■ Assigned task ■
In the data below, begin at the line with "Noćni ormarić MARRON" and stop after the line with "- numberOfComponents 메서드는"; output those lines exactly and no pictures.

■ Data provided ■
---*---

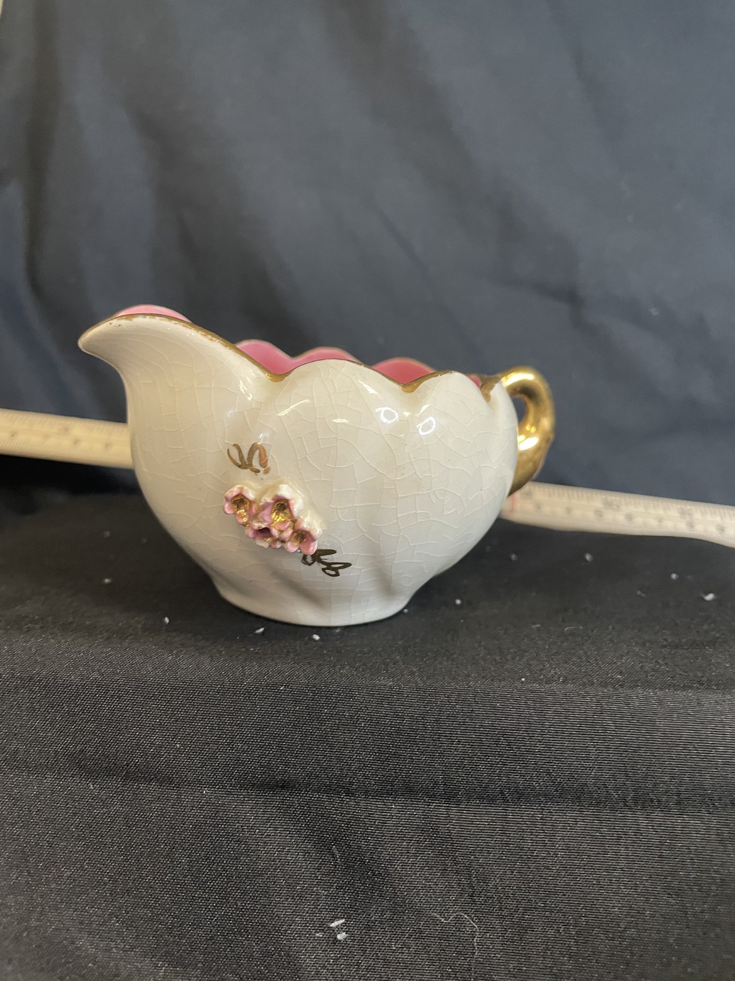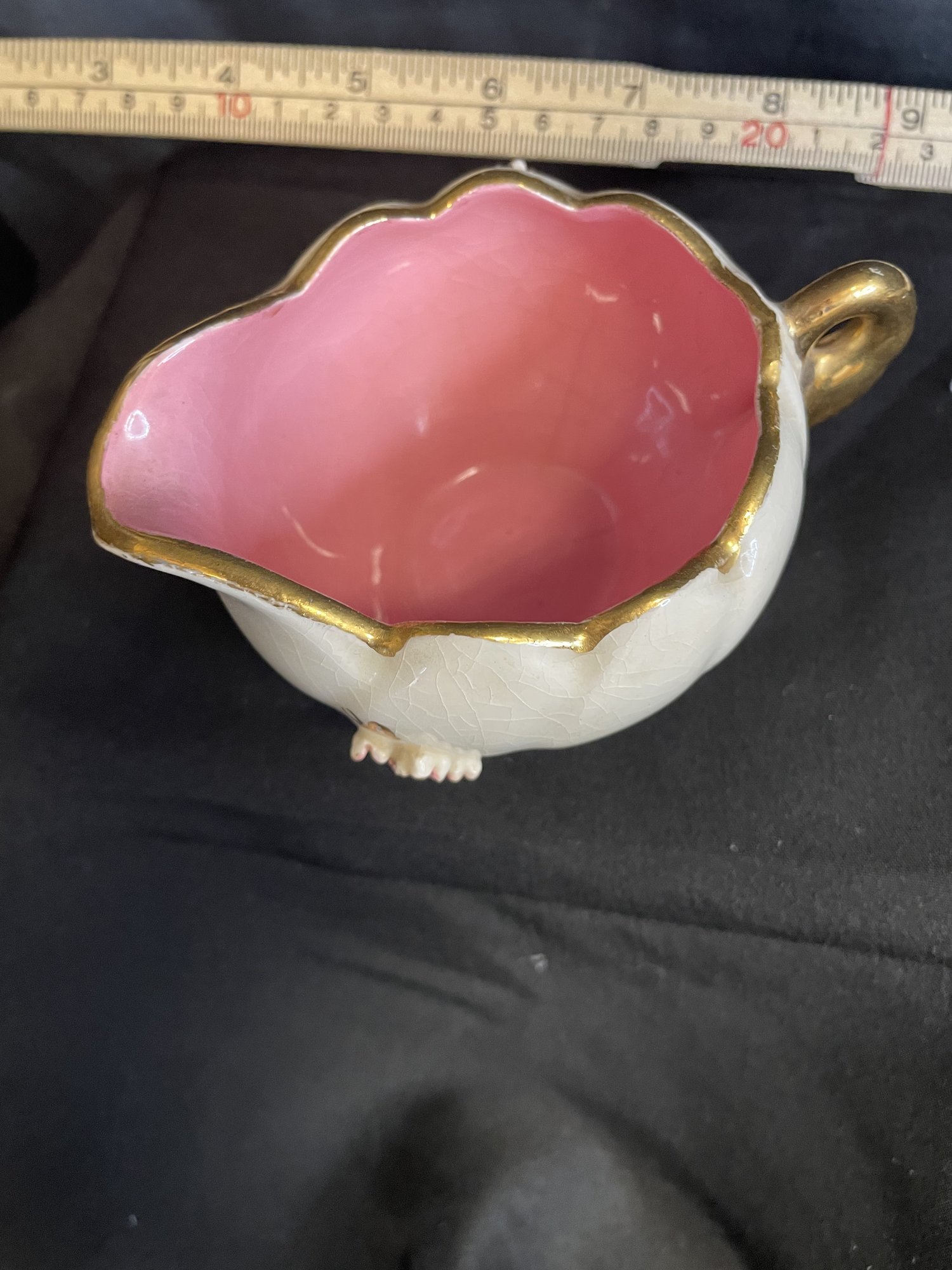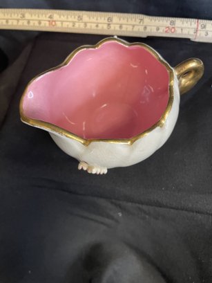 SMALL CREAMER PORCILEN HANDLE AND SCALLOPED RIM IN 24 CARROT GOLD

---*---

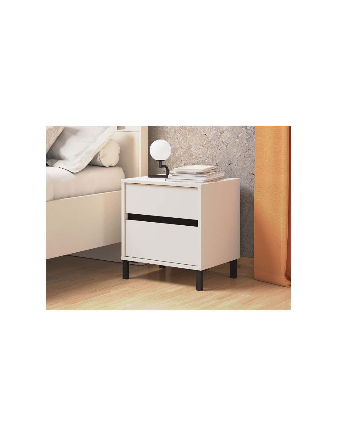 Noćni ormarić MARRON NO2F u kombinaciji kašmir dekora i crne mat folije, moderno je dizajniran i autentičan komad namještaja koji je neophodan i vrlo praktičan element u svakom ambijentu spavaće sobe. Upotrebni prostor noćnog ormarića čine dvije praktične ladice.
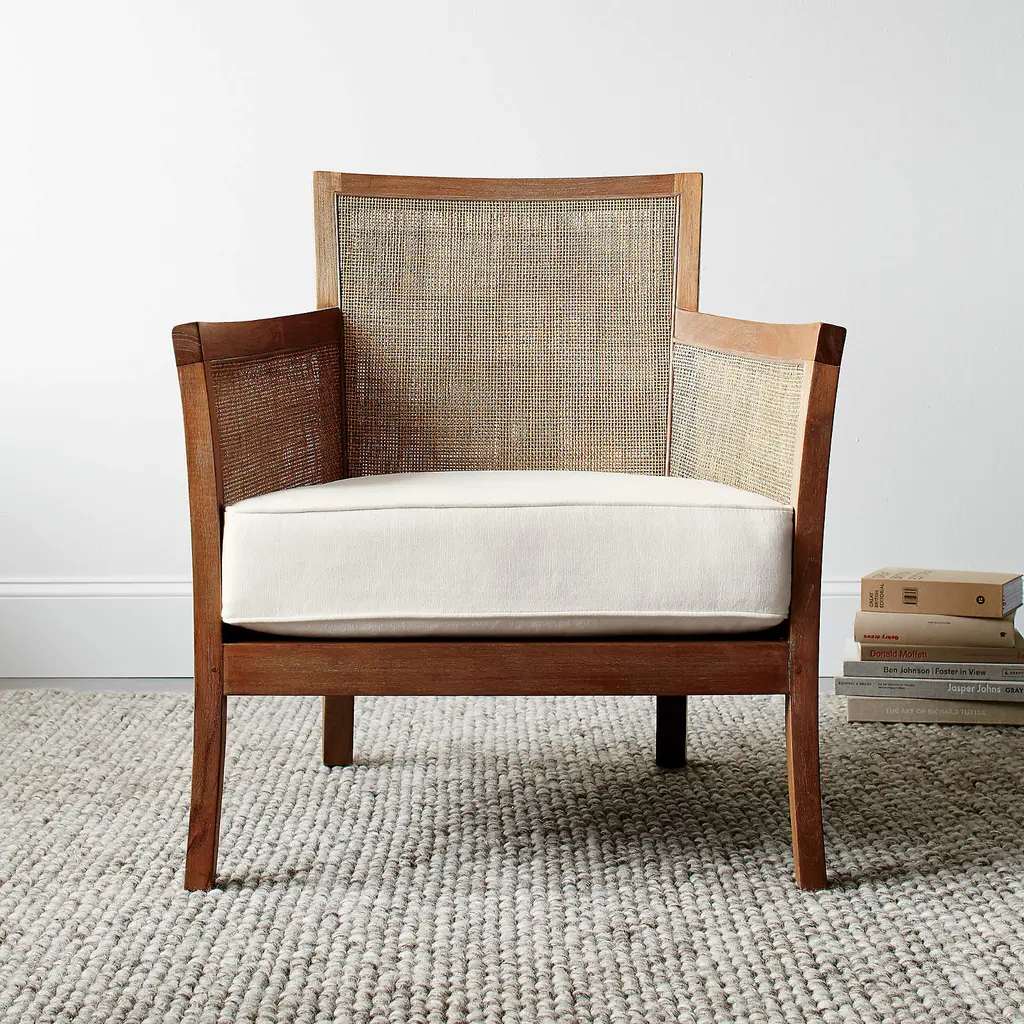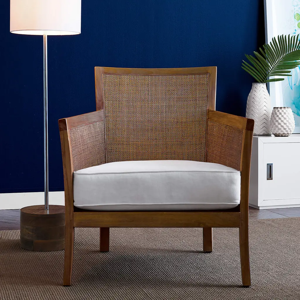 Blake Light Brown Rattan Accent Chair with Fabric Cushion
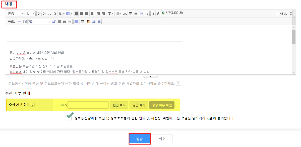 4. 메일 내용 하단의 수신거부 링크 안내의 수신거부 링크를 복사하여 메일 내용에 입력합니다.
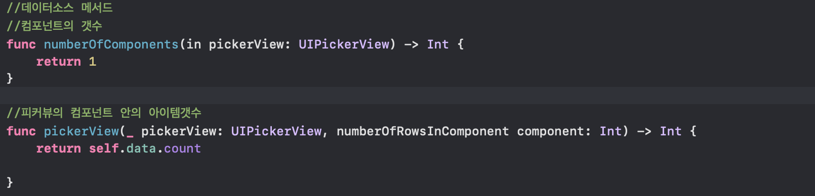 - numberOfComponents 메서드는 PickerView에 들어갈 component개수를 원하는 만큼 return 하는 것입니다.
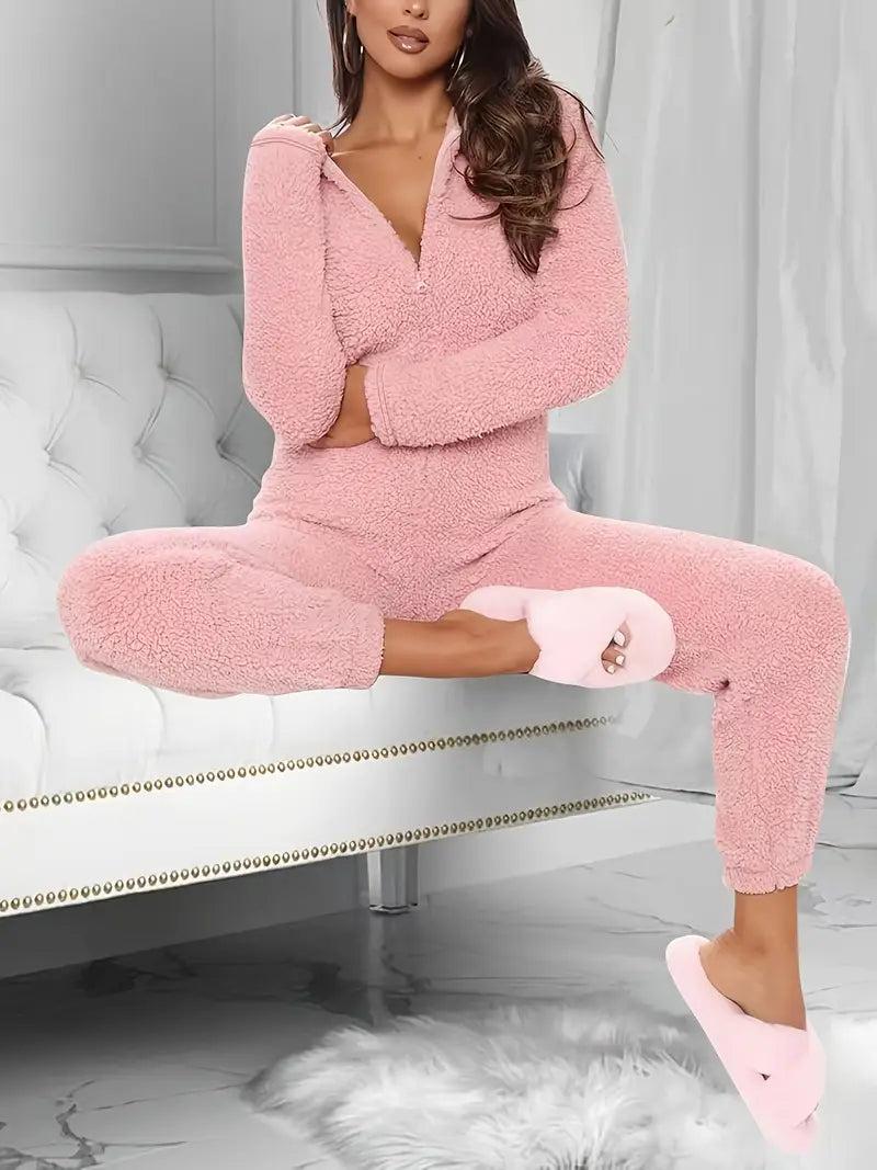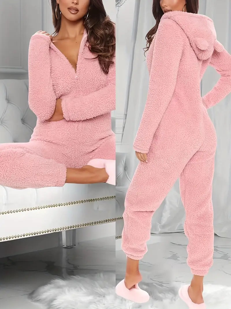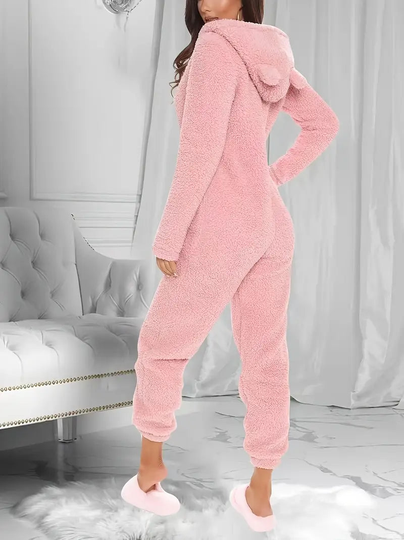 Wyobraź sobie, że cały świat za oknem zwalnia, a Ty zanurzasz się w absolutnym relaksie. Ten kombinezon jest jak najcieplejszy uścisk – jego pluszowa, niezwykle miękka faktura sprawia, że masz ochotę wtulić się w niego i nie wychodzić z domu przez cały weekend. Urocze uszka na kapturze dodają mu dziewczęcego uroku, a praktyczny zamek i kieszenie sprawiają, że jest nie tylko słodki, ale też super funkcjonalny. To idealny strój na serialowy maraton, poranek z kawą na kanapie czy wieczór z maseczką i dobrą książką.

---*---

■ Answer area ■
 Noćni ormarić MARRON NO2F u kombinaciji kašmir dekora i crne mat folije, moderno je dizajniran i autentičan komad namještaja koji je neophodan i vrlo praktičan element u svakom ambijentu spavaće sobe. Upotrebni prostor noćnog ormarića čine dvije praktične ladice.
 Blake Light Brown Rattan Accent Chair with Fabric Cushion
 4. 메일 내용 하단의 수신거부 링크 안내의 수신거부 링크를 복사하여 메일 내용에 입력합니다.
 - numberOfComponents 메서드는 PickerView에 들어갈 component개수를 원하는 만큼 return 하는 것입니다.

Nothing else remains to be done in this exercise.